Peter Aichberger: Bei der EUCUSA-Methode fragen wir die Befragungsteilnehmer nach den Aspekten, welche besonders wichtig erscheinen. So ergeben sich handlungsanleitende Ergebnisse, und in der Umsetzung der erforderlichen Aktivitäten lassen sich wirksame Prioritäten setzen. So wurde auch erkennbar, dass der Aspekt der sozialen Distanz im Home-Office zu Zeiten von Lockdowns eine dominante Belastung war, in der Zwischenzeit aber weniger wichtig ist, also ein sogenannter »irrelevanter Nachteil«.
Mario Filoxenidis: Ebenfalls wichtig: Erhebungen und Maßnahmen sollten wiederholend und regelmäßig durchgeführt und somit »Usus« werden. Denn sonst schleichen sich so manche Belastungen durch die Hintertür wieder ein. (Ein anderes Beispiel: Datenschutz. Auch hier muss immer wieder auf mögliche Gefahren hingewiesen werden, damit diese nicht in Vergessenheit geraten.)
Ab welcher Unternehmensgröße macht ein validiertes Screeningverfahren Sinn?

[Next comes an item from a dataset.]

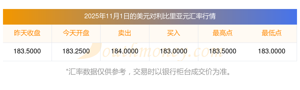 2025-11-01匯率調(diào)整:美元兌換利幣匯率一覽表
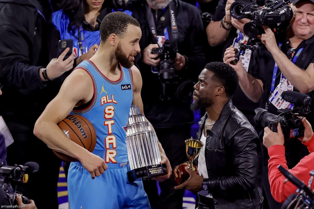حصد الأمريكي ستيفن كاري، لاعب فريق جولدن ستايت ووريورز لكرة السلة، الإثنين، جائزة أفضل لاعب خلال مواجهة «كل النجوم»، التي تجمع أفضل 24 لاعبًا في المسابقات المحلية الأمريكية. (وكالات)

Mario Filoxenidis: Bei kleinen Unternehmen reichen oft wenige Workshops für eine flächendeckende Evaluierung. Bei Unternehmen ab ca. 200 Mitarbeitern ist aus Kosten-Nutzen-Gründen ein validiertes Screeningverfahren zu überlegen. Denn flächendeckende Workshops zur Evaluierung sind hier meist zu aufwändig in Bezug auf Kosten und interne Ressourcen. Mit Screening-Verfahren können zudem alle Mitarbeiter relativ kostengünstig befragt werden.